# Work item
All of the data is to be written out again exactly, without the pictures.

# Input
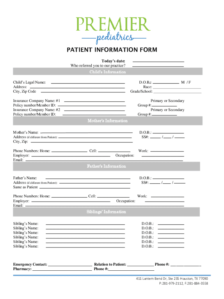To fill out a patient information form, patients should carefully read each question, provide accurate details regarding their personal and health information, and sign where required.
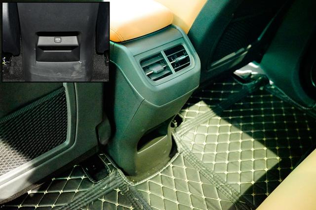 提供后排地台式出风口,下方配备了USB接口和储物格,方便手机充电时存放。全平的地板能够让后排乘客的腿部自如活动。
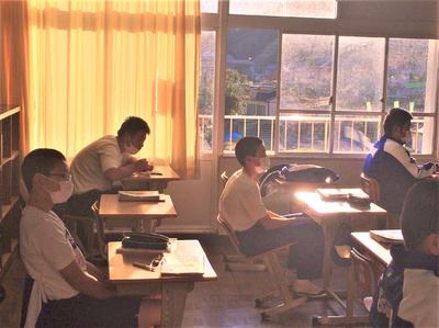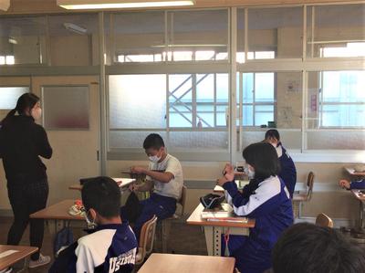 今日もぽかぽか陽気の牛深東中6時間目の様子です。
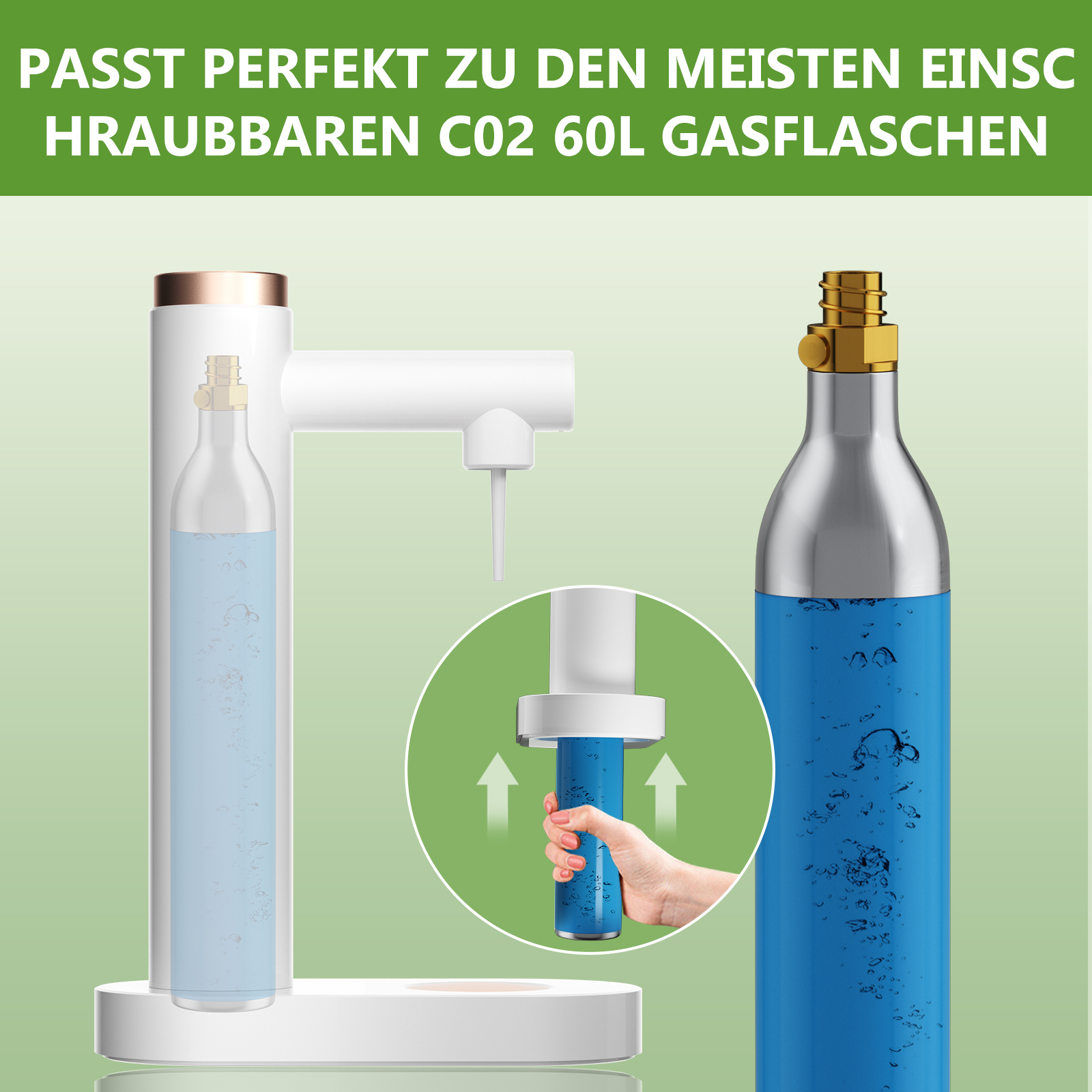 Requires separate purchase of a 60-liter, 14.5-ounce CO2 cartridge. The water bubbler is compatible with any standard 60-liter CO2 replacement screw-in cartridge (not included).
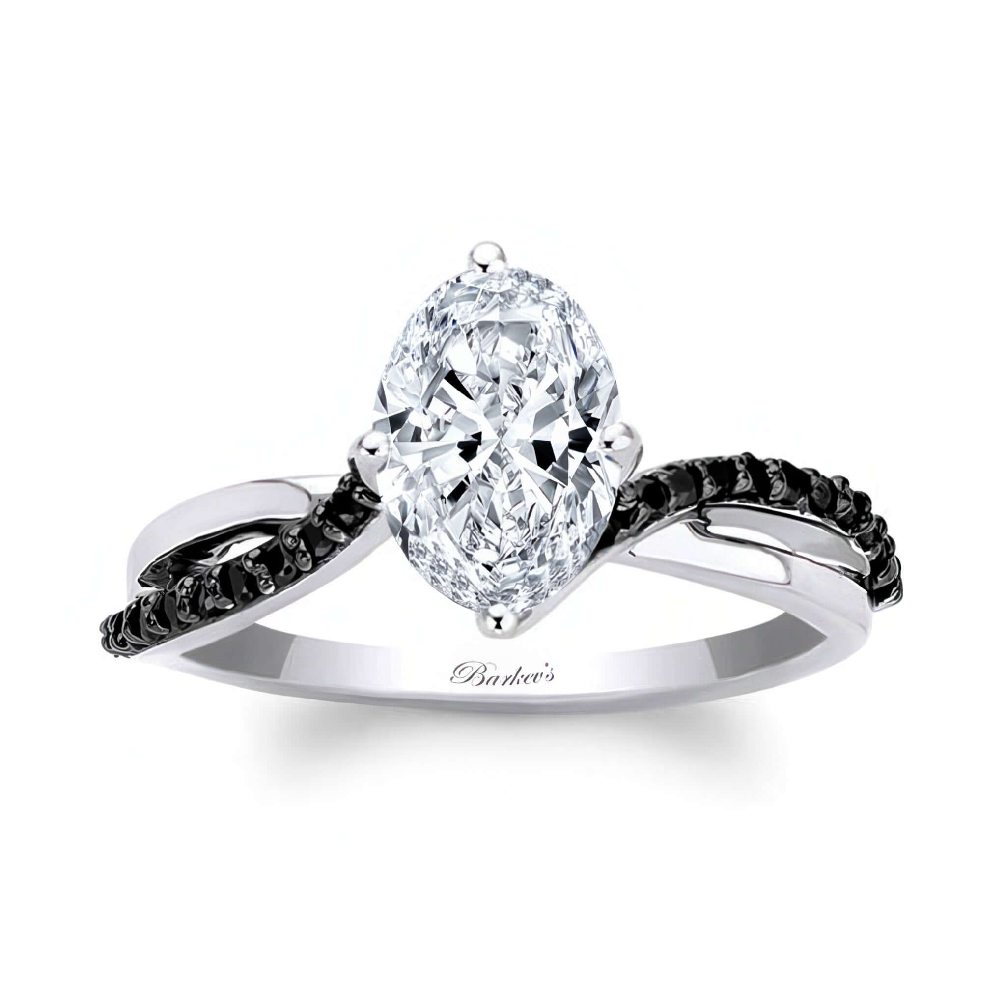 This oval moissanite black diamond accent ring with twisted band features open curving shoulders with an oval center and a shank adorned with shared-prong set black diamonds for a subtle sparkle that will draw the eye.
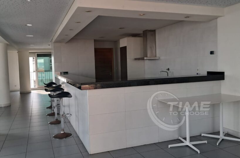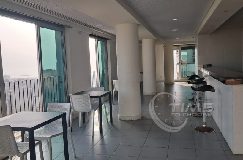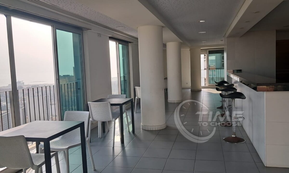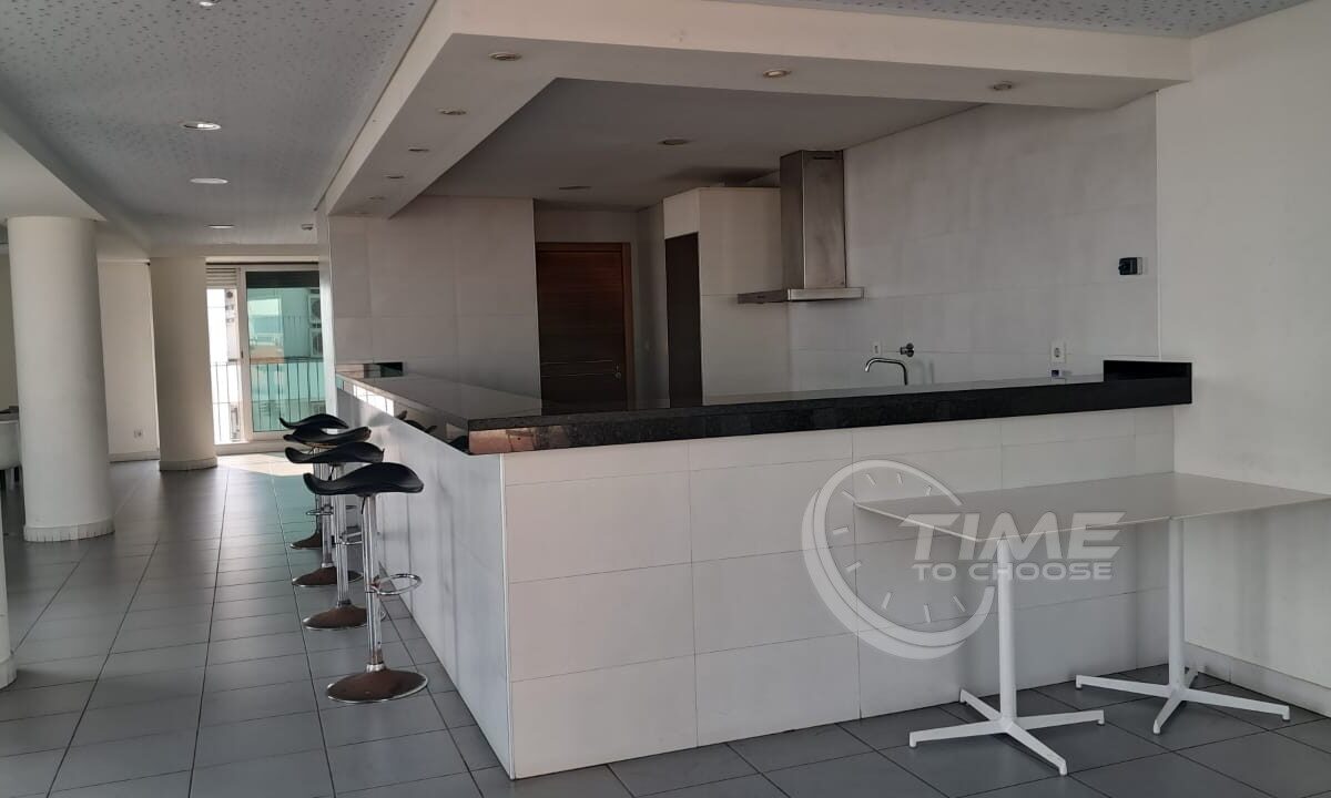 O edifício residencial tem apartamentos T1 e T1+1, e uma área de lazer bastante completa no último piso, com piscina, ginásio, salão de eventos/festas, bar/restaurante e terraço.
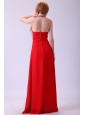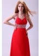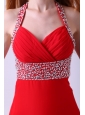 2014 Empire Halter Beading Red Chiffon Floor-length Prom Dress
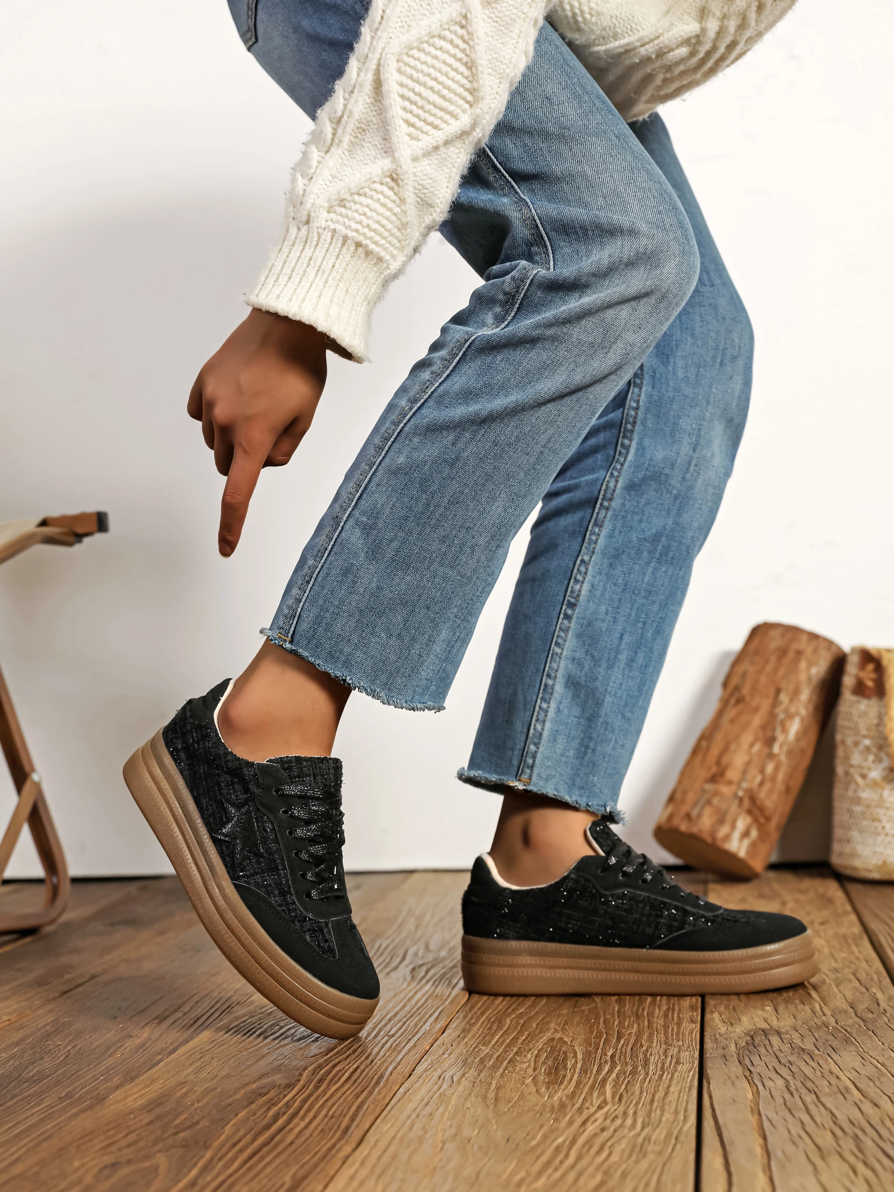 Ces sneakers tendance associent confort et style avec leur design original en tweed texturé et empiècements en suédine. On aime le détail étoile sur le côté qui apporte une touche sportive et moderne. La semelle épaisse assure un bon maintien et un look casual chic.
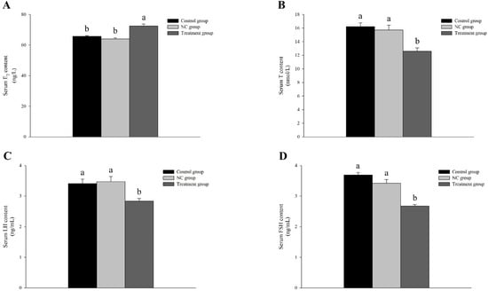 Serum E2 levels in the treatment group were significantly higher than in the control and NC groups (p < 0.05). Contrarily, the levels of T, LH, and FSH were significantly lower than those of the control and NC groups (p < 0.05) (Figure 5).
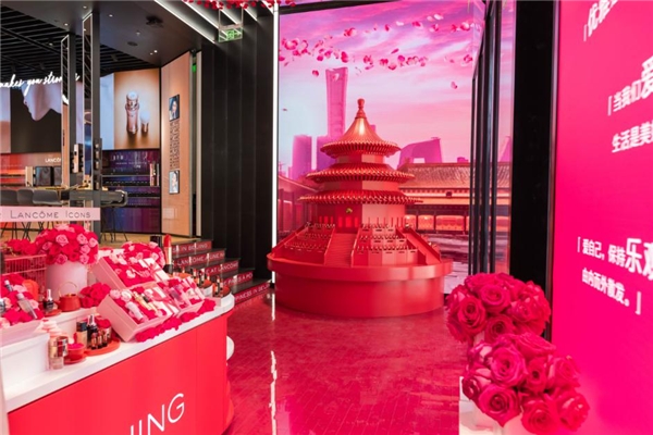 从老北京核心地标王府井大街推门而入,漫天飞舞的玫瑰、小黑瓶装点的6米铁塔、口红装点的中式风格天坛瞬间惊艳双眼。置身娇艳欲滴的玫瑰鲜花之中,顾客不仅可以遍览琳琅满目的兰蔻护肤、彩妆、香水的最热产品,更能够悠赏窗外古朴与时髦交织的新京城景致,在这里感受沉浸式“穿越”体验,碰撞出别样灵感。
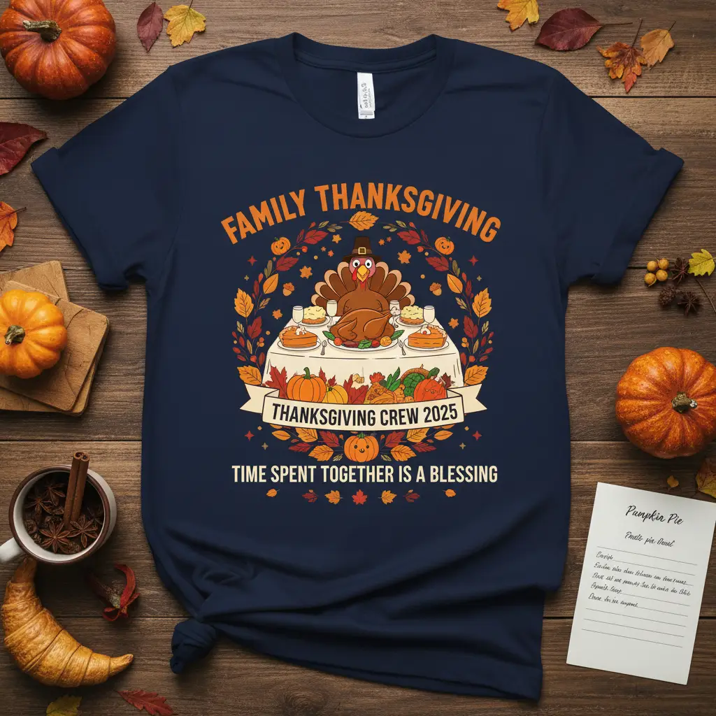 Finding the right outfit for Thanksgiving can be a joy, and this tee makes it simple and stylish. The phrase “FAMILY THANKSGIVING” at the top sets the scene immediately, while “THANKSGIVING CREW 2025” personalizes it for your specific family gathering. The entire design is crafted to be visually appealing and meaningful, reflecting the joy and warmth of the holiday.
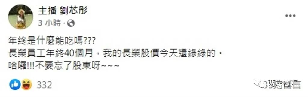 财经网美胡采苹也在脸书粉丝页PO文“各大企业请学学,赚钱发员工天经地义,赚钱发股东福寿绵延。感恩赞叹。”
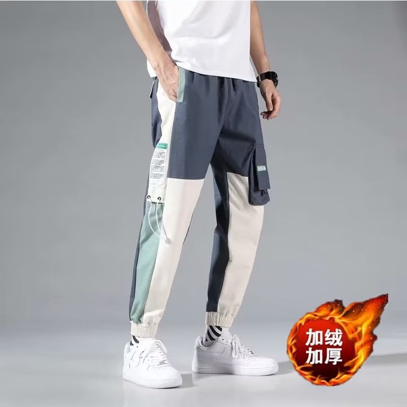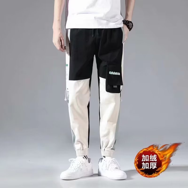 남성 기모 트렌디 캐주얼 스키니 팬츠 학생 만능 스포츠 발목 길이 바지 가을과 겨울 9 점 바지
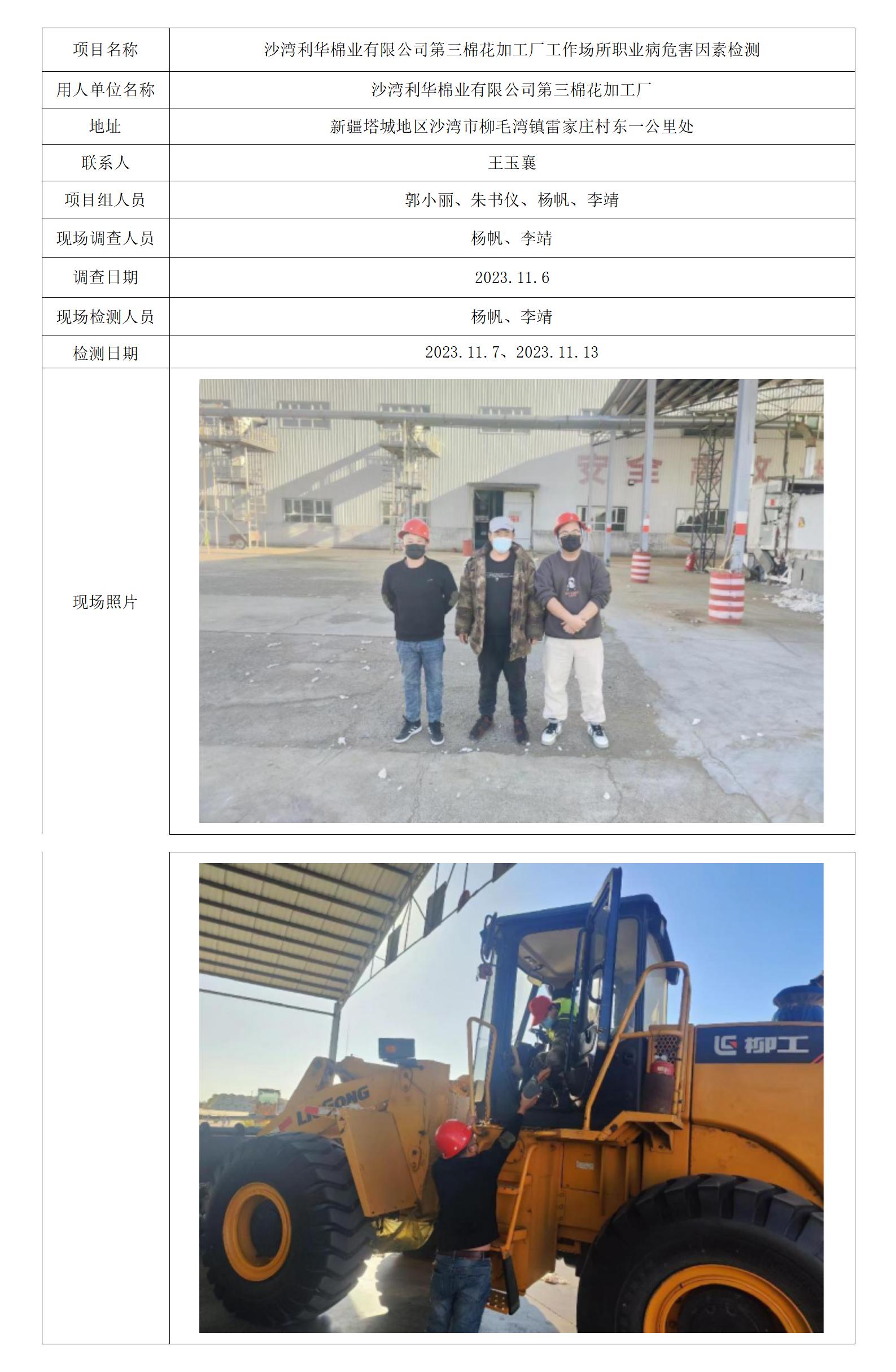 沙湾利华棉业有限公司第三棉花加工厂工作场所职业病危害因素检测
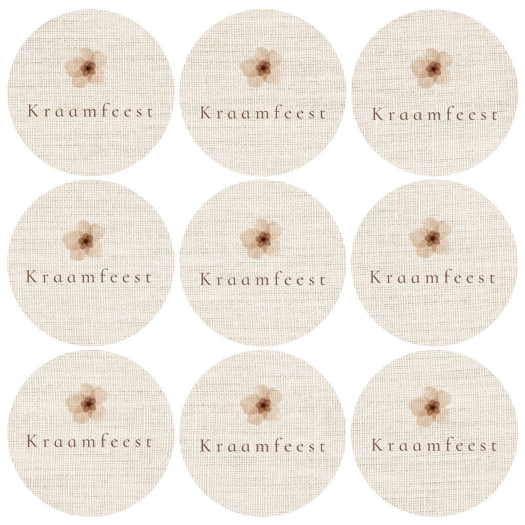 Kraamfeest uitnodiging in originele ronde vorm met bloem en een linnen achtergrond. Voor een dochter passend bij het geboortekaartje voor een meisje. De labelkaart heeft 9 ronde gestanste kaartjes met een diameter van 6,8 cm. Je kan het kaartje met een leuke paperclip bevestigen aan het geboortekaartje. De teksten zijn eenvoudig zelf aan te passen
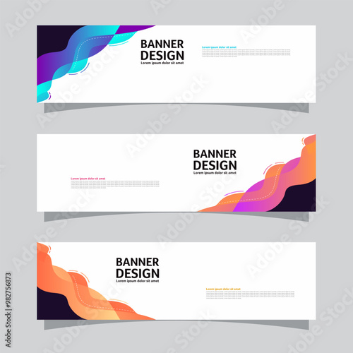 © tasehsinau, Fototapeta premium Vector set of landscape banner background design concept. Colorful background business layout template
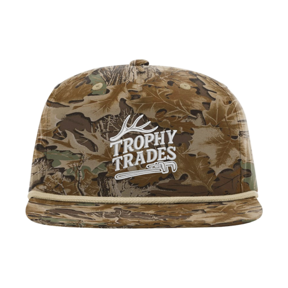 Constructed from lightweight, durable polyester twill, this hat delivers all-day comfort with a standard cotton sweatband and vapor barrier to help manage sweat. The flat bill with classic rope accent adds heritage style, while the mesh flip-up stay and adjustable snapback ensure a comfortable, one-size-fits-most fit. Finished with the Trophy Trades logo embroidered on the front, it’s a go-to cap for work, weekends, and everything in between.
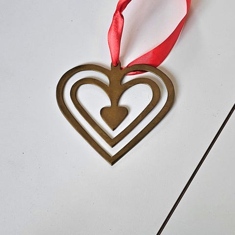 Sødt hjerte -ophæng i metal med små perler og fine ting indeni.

# Result of this exercise
To fill out a patient information form, patients should carefully read each question, provide accurate details regarding their personal and health information, and sign where required.
 提供后排地台式出风口,下方配备了USB接口和储物格,方便手机充电时存放。全平的地板能够让后排乘客的腿部自如活动。
 今日もぽかぽか陽気の牛深東中6時間目の様子です。
 Requires separate purchase of a 60-liter, 14.5-ounce CO2 cartridge. The water bubbler is compatible with any standard 60-liter CO2 replacement screw-in cartridge (not included).
 This oval moissanite black diamond accent ring with twisted band features open curving shoulders with an oval center and a shank adorned with shared-prong set black diamonds for a subtle sparkle that will draw the eye.
 O edifício residencial tem apartamentos T1 e T1+1, e uma área de lazer bastante completa no último piso, com piscina, ginásio, salão de eventos/festas, bar/restaurante e terraço.
 2014 Empire Halter Beading Red Chiffon Floor-length Prom Dress
 Ces sneakers tendance associent confort et style avec leur design original en tweed texturé et empiècements en suédine. On aime le détail étoile sur le côté qui apporte une touche sportive et moderne. La semelle épaisse assure un bon maintien et un look casual chic.
 Serum E2 levels in the treatment group were significantly higher than in the control and NC groups (p < 0.05). Contrarily, the levels of T, LH, and FSH were significantly lower than those of the control and NC groups (p < 0.05) (Figure 5).
 从老北京核心地标王府井大街推门而入,漫天飞舞的玫瑰、小黑瓶装点的6米铁塔、口红装点的中式风格天坛瞬间惊艳双眼。置身娇艳欲滴的玫瑰鲜花之中,顾客不仅可以遍览琳琅满目的兰蔻护肤、彩妆、香水的最热产品,更能够悠赏窗外古朴与时髦交织的新京城景致,在这里感受沉浸式“穿越”体验,碰撞出别样灵感。
 Finding the right outfit for Thanksgiving can be a joy, and this tee makes it simple and stylish. The phrase “FAMILY THANKSGIVING” at the top sets the scene immediately, while “THANKSGIVING CREW 2025” personalizes it for your specific family gathering. The entire design is crafted to be visually appealing and meaningful, reflecting the joy and warmth of the holiday.
 财经网美胡采苹也在脸书粉丝页PO文“各大企业请学学,赚钱发员工天经地义,赚钱发股东福寿绵延。感恩赞叹。”
 남성 기모 트렌디 캐주얼 스키니 팬츠 학생 만능 스포츠 발목 길이 바지 가을과 겨울 9 점 바지
 沙湾利华棉业有限公司第三棉花加工厂工作场所职业病危害因素检测
 Kraamfeest uitnodiging in originele ronde vorm met bloem en een linnen achtergrond. Voor een dochter passend bij het geboortekaartje voor een meisje. De labelkaart heeft 9 ronde gestanste kaartjes met een diameter van 6,8 cm. Je kan het kaartje met een leuke paperclip bevestigen aan het geboortekaartje. De teksten zijn eenvoudig zelf aan te passen
 © tasehsinau, Fototapeta premium Vector set of landscape banner background design concept. Colorful background business layout template
 Constructed from lightweight, durable polyester twill, this hat delivers all-day comfort with a standard cotton sweatband and vapor barrier to help manage sweat. The flat bill with classic rope accent adds heritage style, while the mesh flip-up stay and adjustable snapback ensure a comfortable, one-size-fits-most fit. Finished with the Trophy Trades logo embroidered on the front, it’s a go-to cap for work, weekends, and everything in between.
 Sødt hjerte -ophæng i metal med små perler og fine ting indeni.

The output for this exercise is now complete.